I assured her that as soon as the hospital called to release her precious on into our care that we would dispatch our care center and her son would be in our care within the hour of that call. She let out another sigh. I asked her if she had any further questions or is there anything that I may be of service to her prior to the appointment in the morning. She told me there wasn't and I again felt led to assure her that we would carry her through this difficult time of loss. She thanked me again and we ended the call.

Within thirty minutes, the charge nurse called from Children Hospital and expressed the he was ready to be taken into our care. I gathered some medical information from her and thanked the nurse for all the love and care that she and all nurses provide sacrificially to families everyday. I expressed my heart felt condolences once again for the loss of her young patient. She thanked me as her voice cracked and she said, "You know, we never hear that much. It is so hard when a child dies, you know?" I said, "Yes, it is. Let me make you this promise that as you pass that baton of care onto me, I promise we will take great care of him for you now. I will keep you in my thoughts and prayers. Thank you again for all the love you share with so many."

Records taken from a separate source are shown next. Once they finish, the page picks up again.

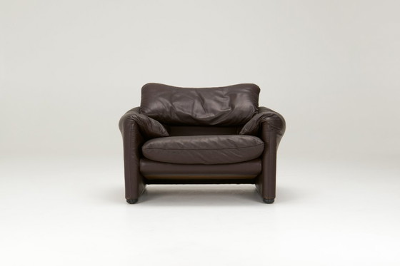 Poltrona 'Maralunga' con rivestimento in pelle marrone, disegnata da Vico Magistretti per Cassina negli anni '70.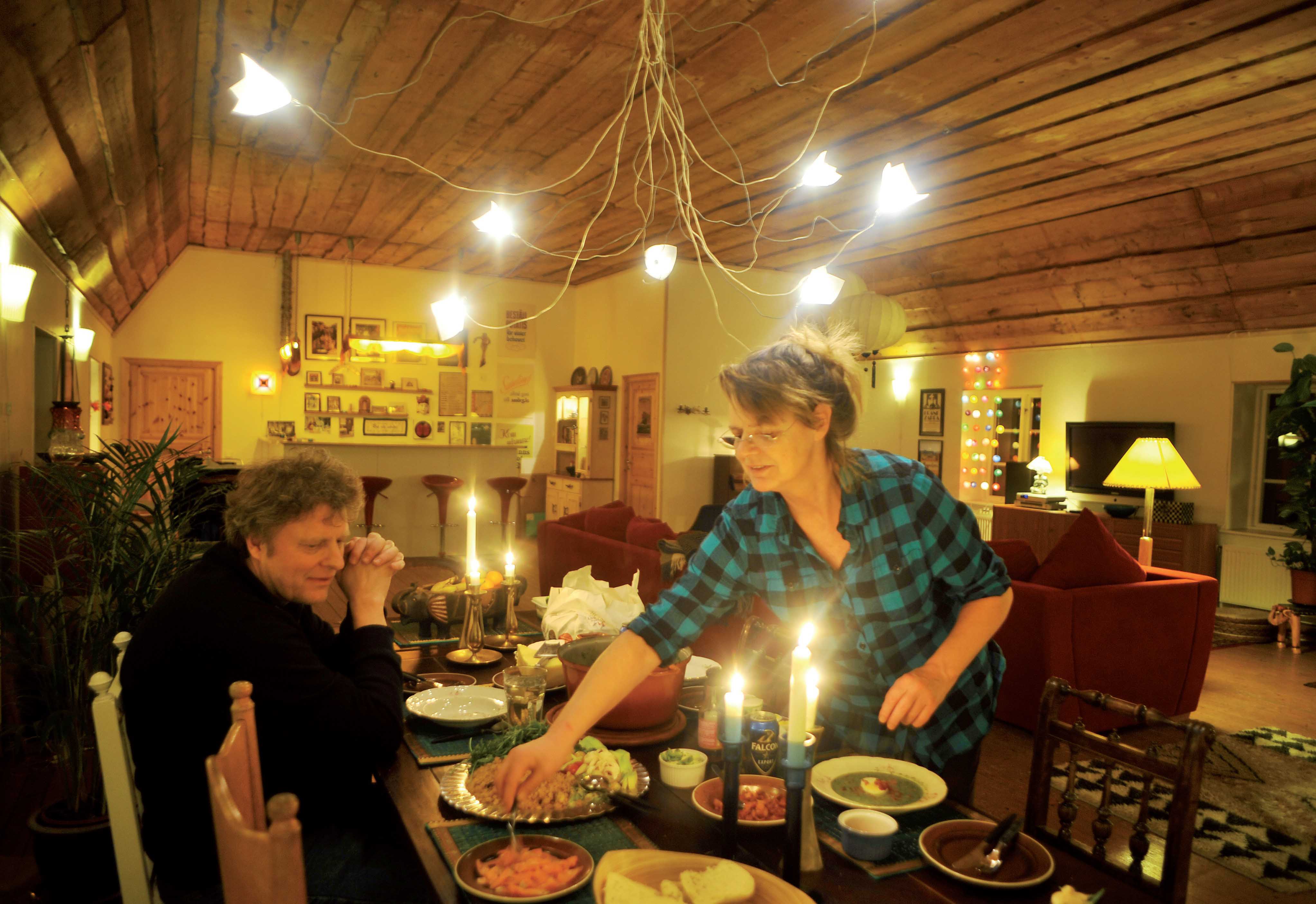 Nằm ven đường làng Tomelilla, ngôi nhà Bắc Âu hai mái dốc bề ngoài với chi tiết ấn tượng duy nhất là chiều dài ước tính hơn 30m, ngang 15m trong đó chiếm hầu hết diện tích là phòng khách, nơi sinh hoạt chung của gia đình chỉ gồm hai vợ chồng nghệ sĩ nhạc đồng quê Toby và Eva. Ở xứ Bắc Âu này, dân quê mới là những người giàu, và ngôi nhà chính là nơi họ thể hiện cá tính thông qua sắp đặt, trưng bày đồ trang trí nội thất mang đậm âm hưởng phong cách Bắc Âu đương đại.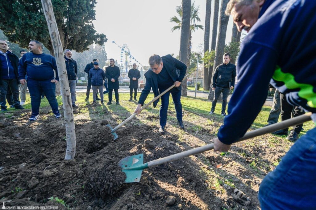 Başkan Tugay, konuşmasının devamında İzmir Büyükşehir Belediyesi’nin Kültürpark’ta yürüttüğü ve yapmayı planladığı çalışmalar hakkında bilgi verdi. Kültürpark’taki yeşil alanların artırılması için kararlılık mesajı veren Başkan Tugay, “Kültürpark hepimiz için çok değerli bir alan. Yeşil dokusunun korunması, geliştirilmesi çok önemli. Hiç kimsenin itirazı yok. Detaylarda konuşulacak birçok şey çıkıyor. Mesela altına yeni bir otopark alanı yapmak doğru değil. Benim kendi kesin ve kati görüşüm, belediyemizin hizmet alanı olarak kullandığı hollerin tamamen kalkması yönünde. Bitmez deniyor ama bitecek. Üç farklı lokasyonda belediyemizin hizmet noktası olacak. Biri eski yerinde Konak’ta, diğeri Yenişehir’de, bir de kafamda tasarladığım sürpriz olacak başka bir yerde. Hepsi de yerli yerine oturuyor, hiçbir sorun yok. Hollere gerek yok. Kültürpark, kentin akciğeri, spor alanı, sosyalleşme alanı. Kültürel etkinliklerin olduğu alanlar olarak mutlaka kalmalı. Ben bunları hepimizin ortak görüşü olarak görüyorum. Kaldırabildiğimiz kadar gereksiz yapıyı, eklentiyi kaldıracağız. Yerine de yapabildiğimiz kadar yeşil alan yapacağız. Mevcut ağaç dokusunu geliştirmek için çalışacağız” ifadelerini kullandı.

We ended the call and I contacted our care center to report that we needed to head out to receive this boy into our care. I sat there and recalled all of my daughters and each grandchild being four years old. My heart sank. I regained my mind and felt led to call his mother to let her know that the nurse had just called and we were on the way to receive him.

When she answered the phone, I shared with her the news and that he would be in our care as promised within the hour. That once grounded voice shattered and she screamed out in that agonizing voice and said, "Please ... Be gentle with him. Be so very gentle with him."

I fought back my own tears (well ... I tried to) and with tears streaming down my face I promise her we would and that he will be in the best of care. She asked with a shaken and trembling voice, "When the time comes to dress him, may I come and do that?" I told her that she most certainly could. She wept ... I sat quietly weeping on the other end of the call with her.

She got composed after a few moments and shared that he was a heart patient. She told me how brave he has been throughout his life and how precious he is to her. She shared that her grandmother had also had heart failure and that she was going to lay him to rest right beside her. She said, "You know, it's like we will have all our broken hearts in one place that way."

At this point I am about to explode with the bottled emotions I am trying my best to retain. I told her I would be praying for her and her family and we would see them in the morning. I reminded her take do her best to take care of herself and allow the love of those who love and care for her to carry her until she was ready to stand on her own.

We ended the call. I had to make myself unavailable for about ten minutes and went to the restroom to briefly recompose myself. I returned to my desk and prepared myself for the next caller.

I drove home from work and I prayed ... no ... it was more like I cried out to God and said, "Don't you understand??? It's people like her that need the services I am trying to provide. Please God, take care of her heart as it tries to heal and her family. He has a ten year old sister too." Tears still flowing throughout the entire prayer.

It is so hard sometimes ... I most likely will never know years from now how this family is doing. Did this tear their marriage apart or did it bring them together? Were they able to say goodbye to their pain? Did they have those regrets? Will they try to replace the loss or turn to substances to try to numb the pain they will carry?

I know I can't save them all ... but my heart would like to.

If you are still reading this, Please ... Be Gentle. Be gentle with your heart. It's breaking. Your heart will need to be tended to. Grief is the ultimate expression of love that now has nowhere to go. Seek help if you need it. Know that here are people like me, who are well trained and able to help you through all those raw emotions and educate you about your grief journey.

So please ... be gentle with your heart.